---------- Source data

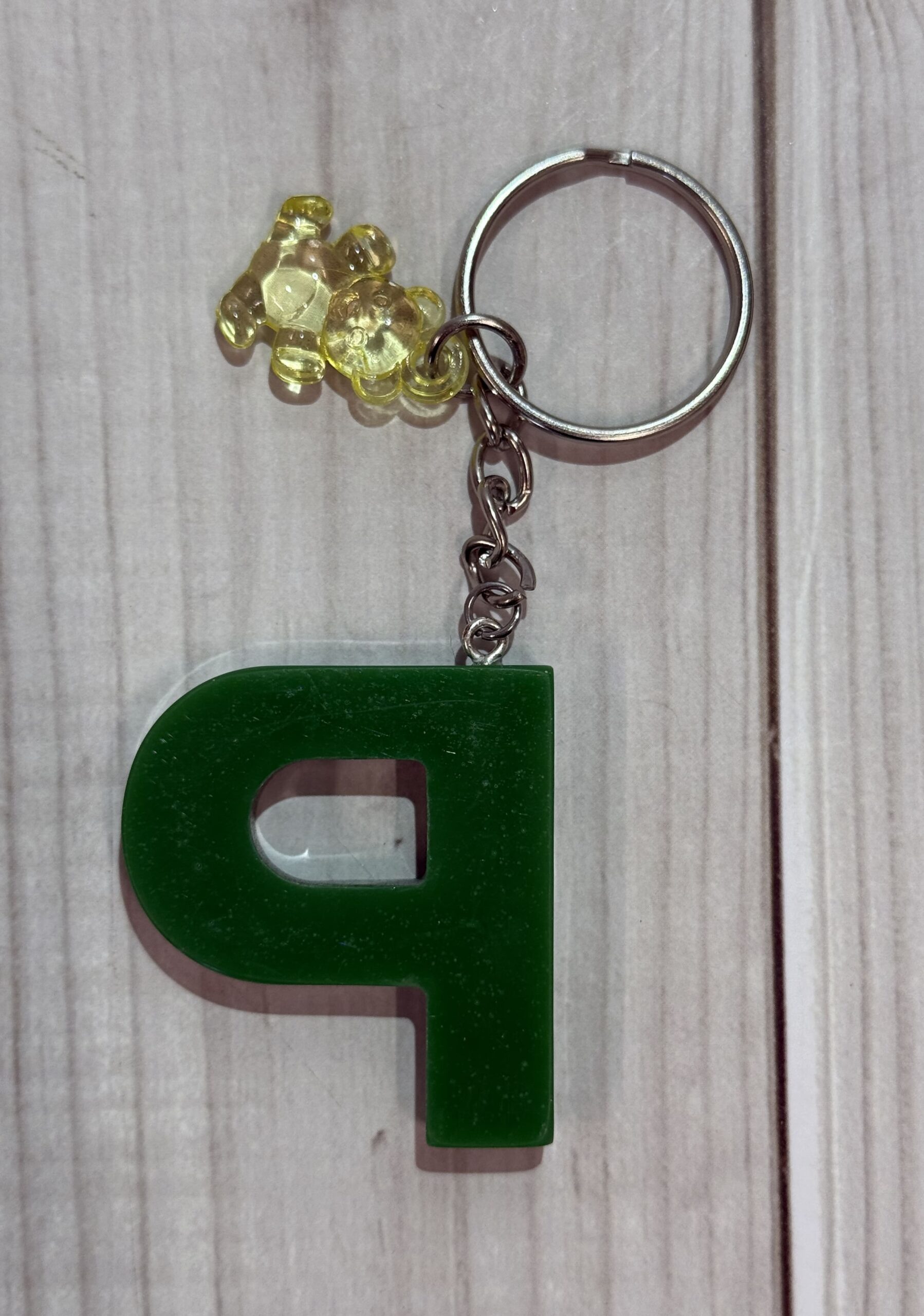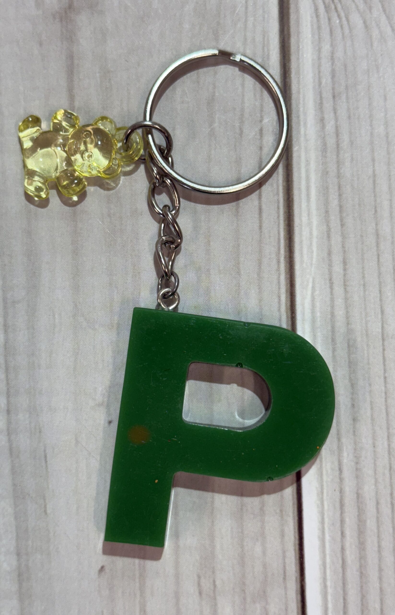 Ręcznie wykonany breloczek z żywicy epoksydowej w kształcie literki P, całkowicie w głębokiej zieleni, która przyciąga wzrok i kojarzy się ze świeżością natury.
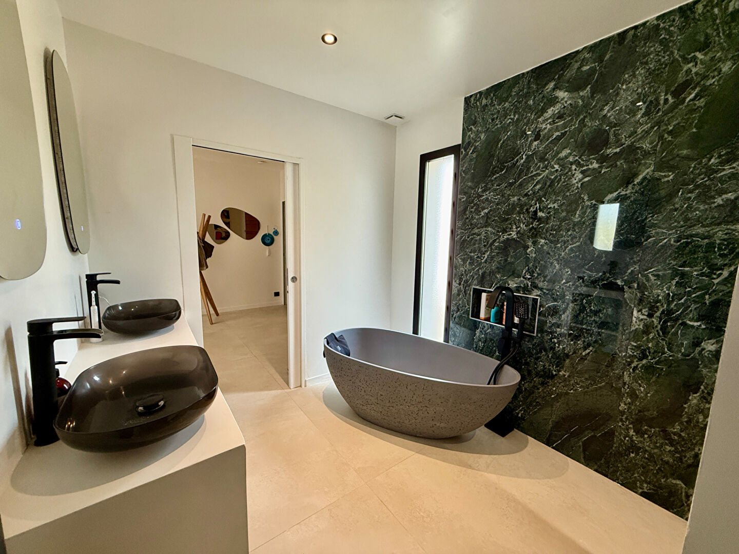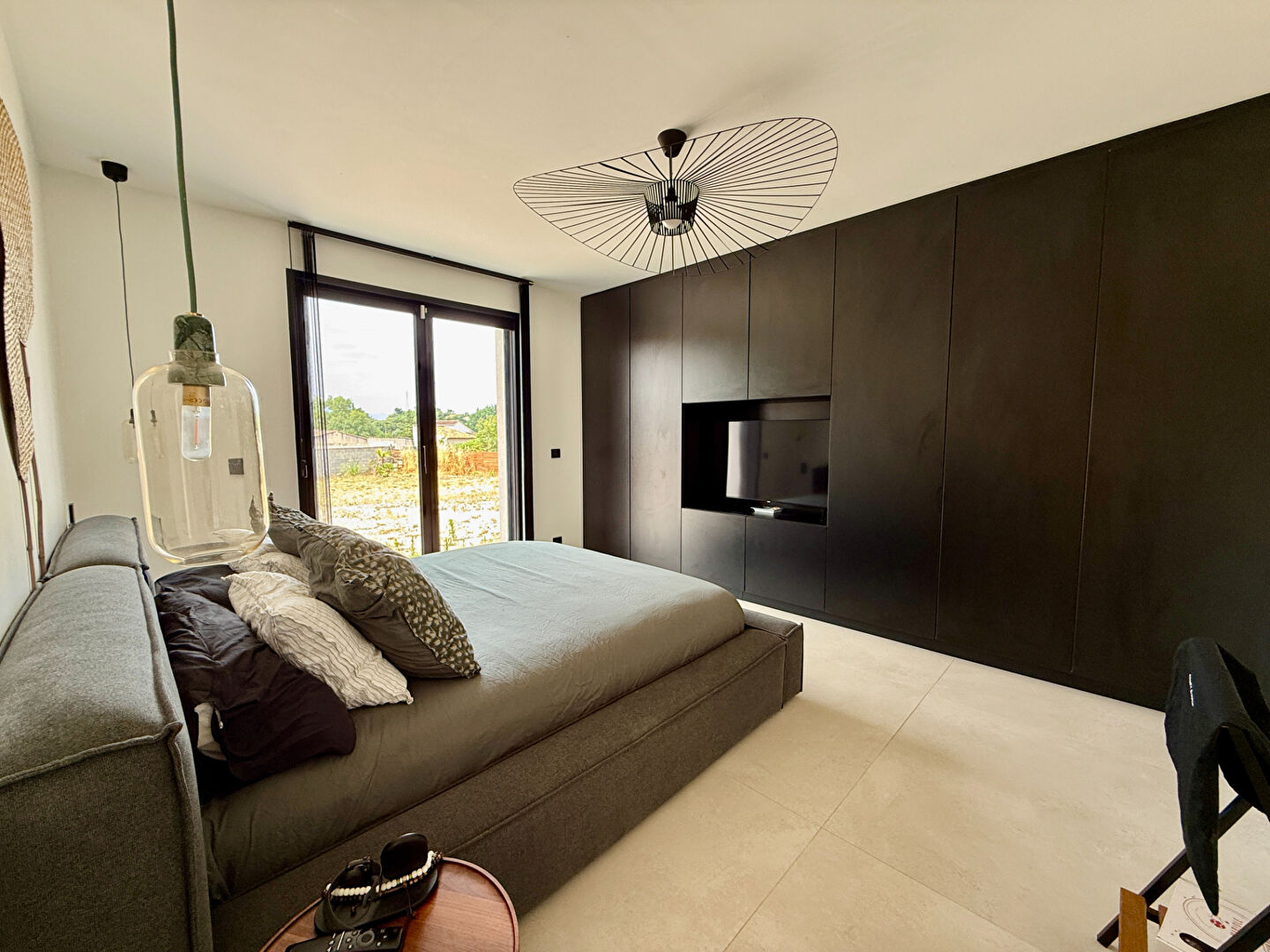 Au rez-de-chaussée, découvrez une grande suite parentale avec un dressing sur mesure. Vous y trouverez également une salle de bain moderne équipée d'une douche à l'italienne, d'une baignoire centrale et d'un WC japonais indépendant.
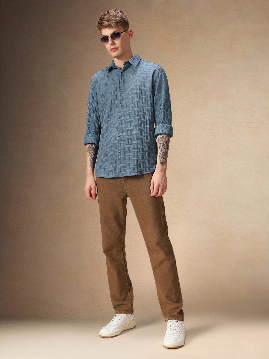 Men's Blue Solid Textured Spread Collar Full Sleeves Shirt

--------------------
---------- Source data

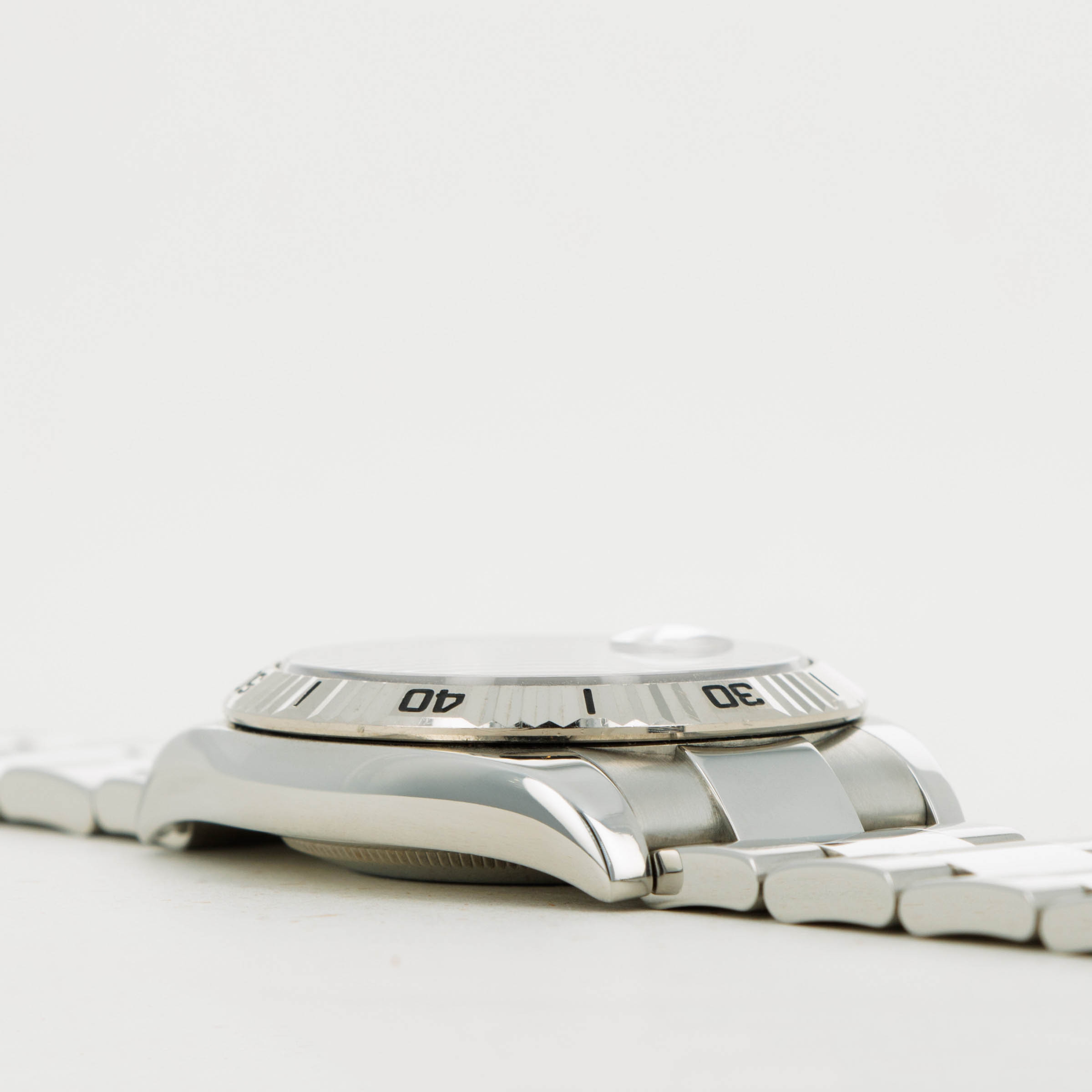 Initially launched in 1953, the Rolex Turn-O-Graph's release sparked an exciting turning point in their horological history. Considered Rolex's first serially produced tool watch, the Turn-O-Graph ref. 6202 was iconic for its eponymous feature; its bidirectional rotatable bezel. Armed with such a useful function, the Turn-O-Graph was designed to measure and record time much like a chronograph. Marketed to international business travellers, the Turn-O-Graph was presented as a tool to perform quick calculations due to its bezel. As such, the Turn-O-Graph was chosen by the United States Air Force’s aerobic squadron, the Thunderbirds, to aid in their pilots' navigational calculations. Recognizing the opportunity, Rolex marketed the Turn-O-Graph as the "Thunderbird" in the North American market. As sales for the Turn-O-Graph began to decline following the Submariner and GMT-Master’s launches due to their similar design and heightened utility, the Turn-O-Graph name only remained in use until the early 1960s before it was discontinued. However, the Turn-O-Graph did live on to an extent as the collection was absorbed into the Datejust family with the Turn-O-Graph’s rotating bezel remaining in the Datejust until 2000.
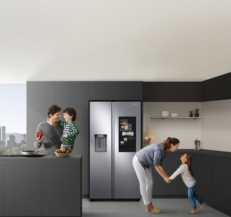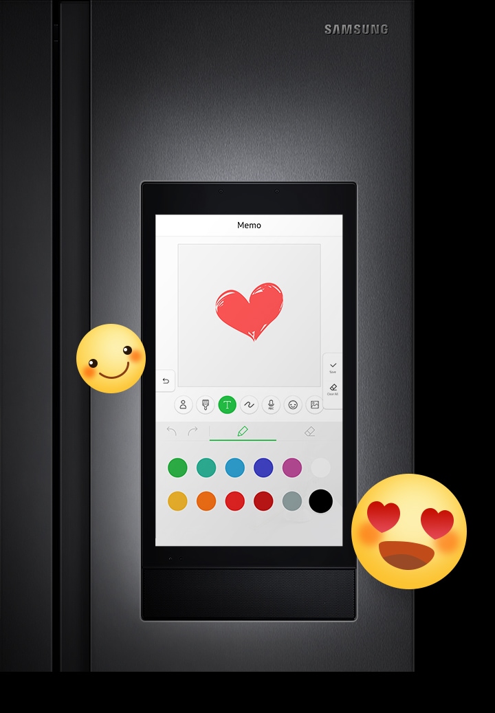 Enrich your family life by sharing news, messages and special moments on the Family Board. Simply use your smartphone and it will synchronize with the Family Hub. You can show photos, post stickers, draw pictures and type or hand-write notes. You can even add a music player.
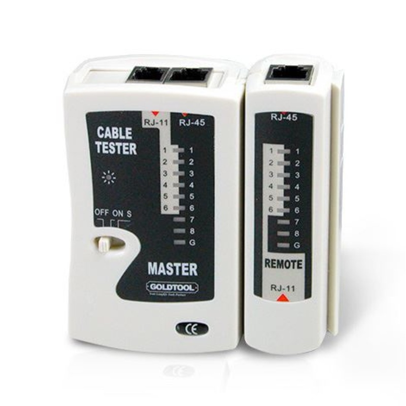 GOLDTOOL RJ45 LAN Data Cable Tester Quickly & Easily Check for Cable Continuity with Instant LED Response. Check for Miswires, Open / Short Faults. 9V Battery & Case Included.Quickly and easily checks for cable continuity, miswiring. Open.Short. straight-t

--------------------

Exercise aim
With the pictures omitted, copy exactly the lines of the listing above starting at the line containing "Enrich your family" and ending at the line containing "GOLDTOOL RJ45 LAN", both included.

Answer box
 Enrich your family life by sharing news, messages and special moments on the Family Board. Simply use your smartphone and it will synchronize with the Family Hub. You can show photos, post stickers, draw pictures and type or hand-write notes. You can even add a music player.
 GOLDTOOL RJ45 LAN Data Cable Tester Quickly & Easily Check for Cable Continuity with Instant LED Response. Check for Miswires, Open / Short Faults. 9V Battery & Case Included.Quickly and easily checks for cable continuity, miswiring. Open.Short. straight-t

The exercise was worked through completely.